> _TASK BRIEF_
Only the lines from the one containing "The bike was stolen" through the last line below belong in your copy; transcribe them exactly and omit any pictures.

> _DATA BELOW_
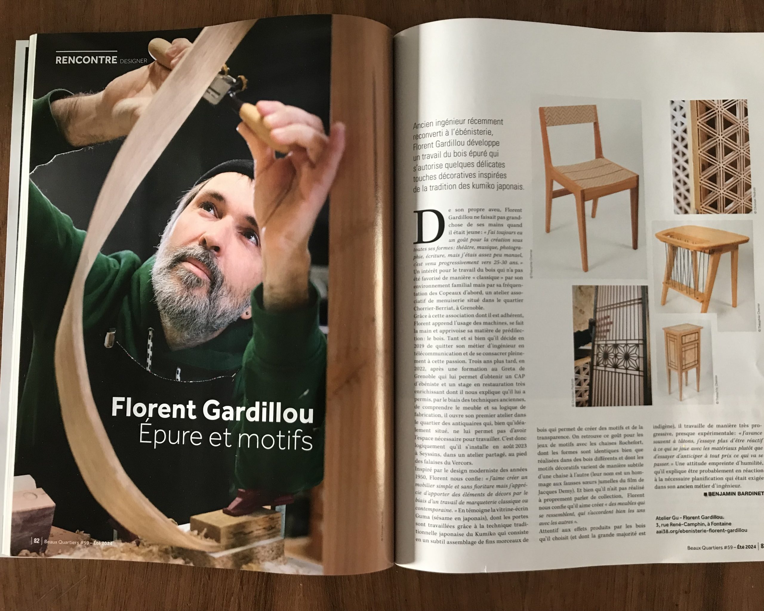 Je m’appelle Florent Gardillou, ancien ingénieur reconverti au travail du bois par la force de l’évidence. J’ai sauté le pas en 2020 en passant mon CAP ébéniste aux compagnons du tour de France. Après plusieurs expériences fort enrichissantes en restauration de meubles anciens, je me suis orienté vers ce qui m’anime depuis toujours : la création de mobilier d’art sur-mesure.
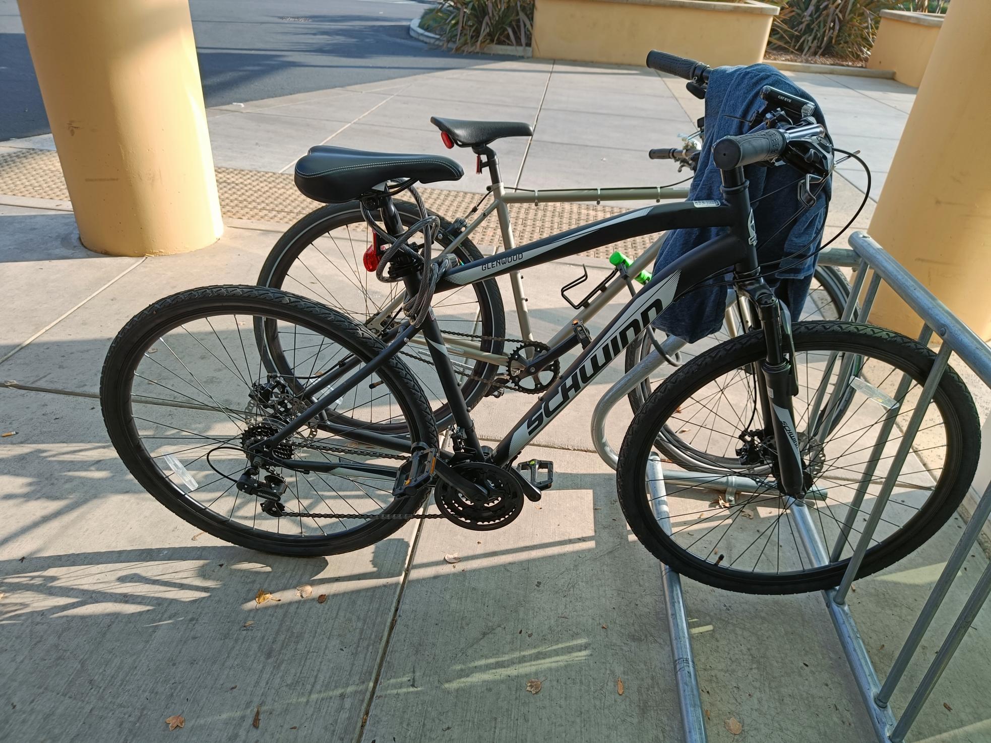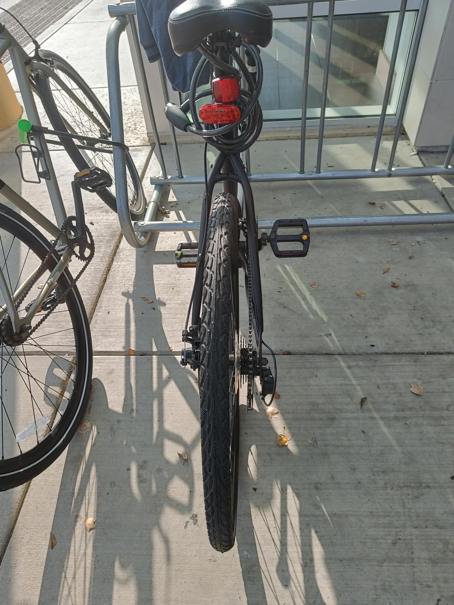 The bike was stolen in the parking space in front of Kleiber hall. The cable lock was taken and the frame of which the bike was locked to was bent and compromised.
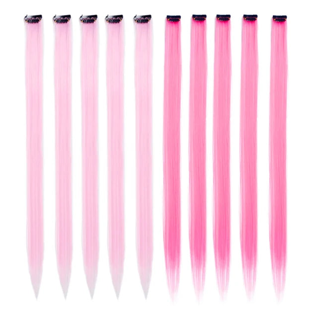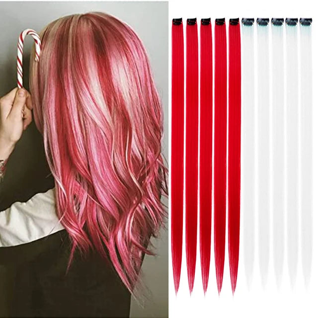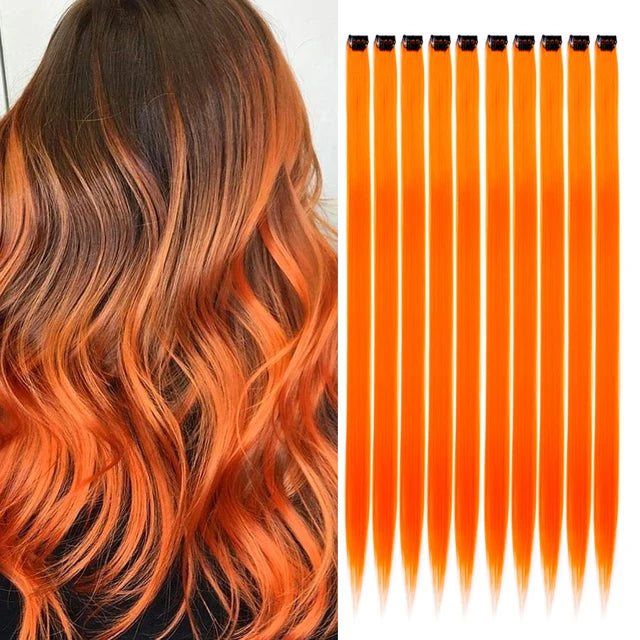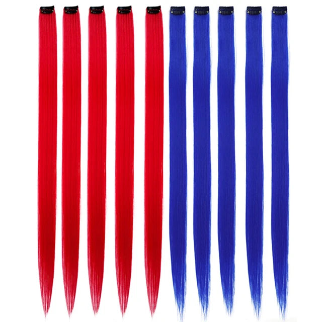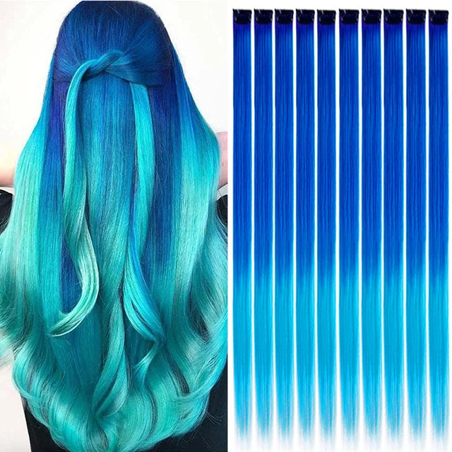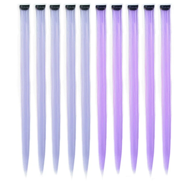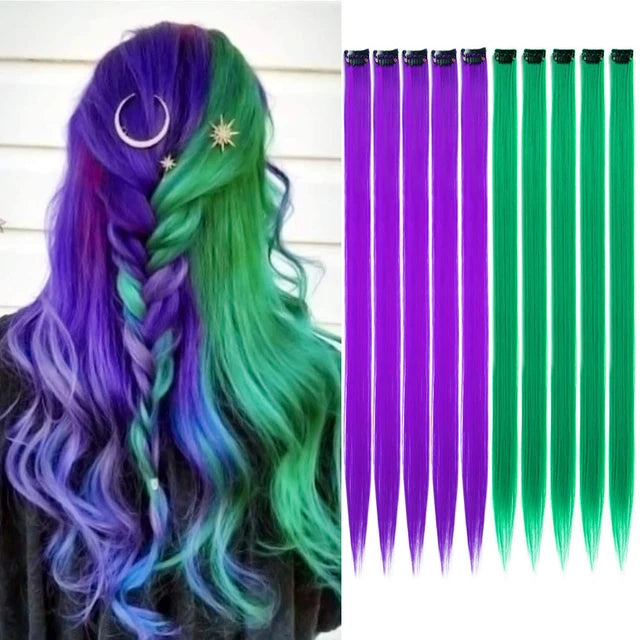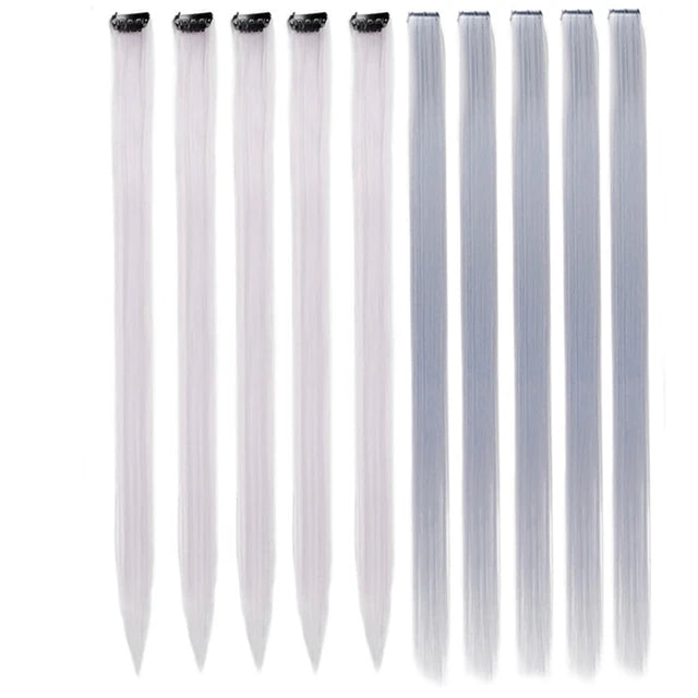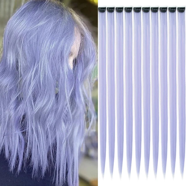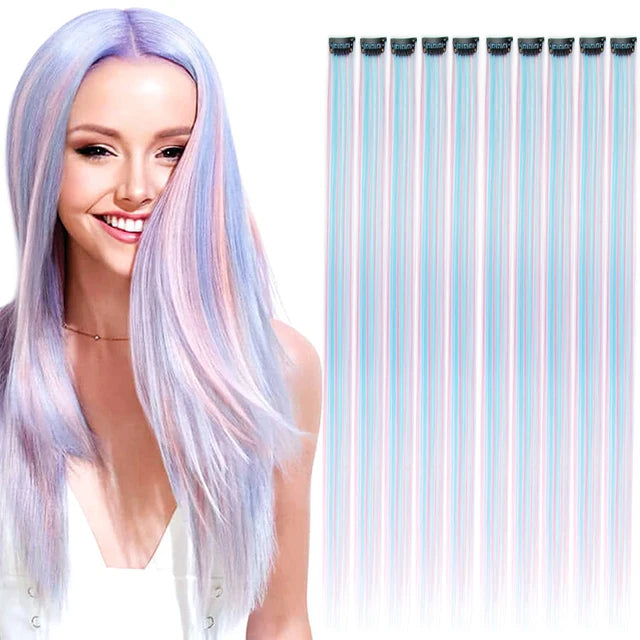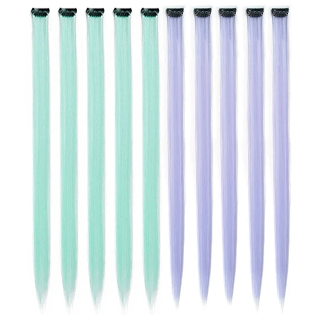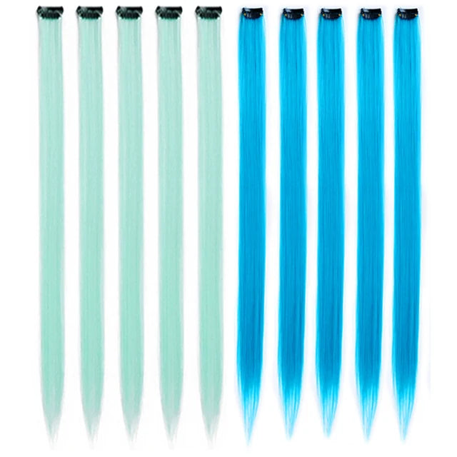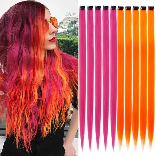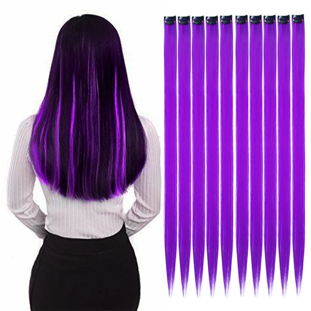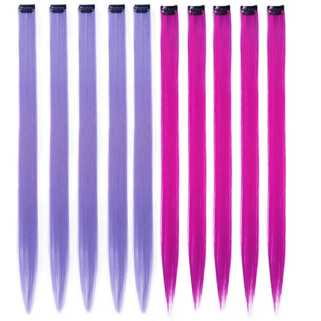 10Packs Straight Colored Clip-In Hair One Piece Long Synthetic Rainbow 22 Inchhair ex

> _RESPONSE_
 The bike was stolen in the parking space in front of Kleiber hall. The cable lock was taken and the frame of which the bike was locked to was bent and compromised.
 10Packs Straight Colored Clip-In Hair One Piece Long Synthetic Rainbow 22 Inchhair ex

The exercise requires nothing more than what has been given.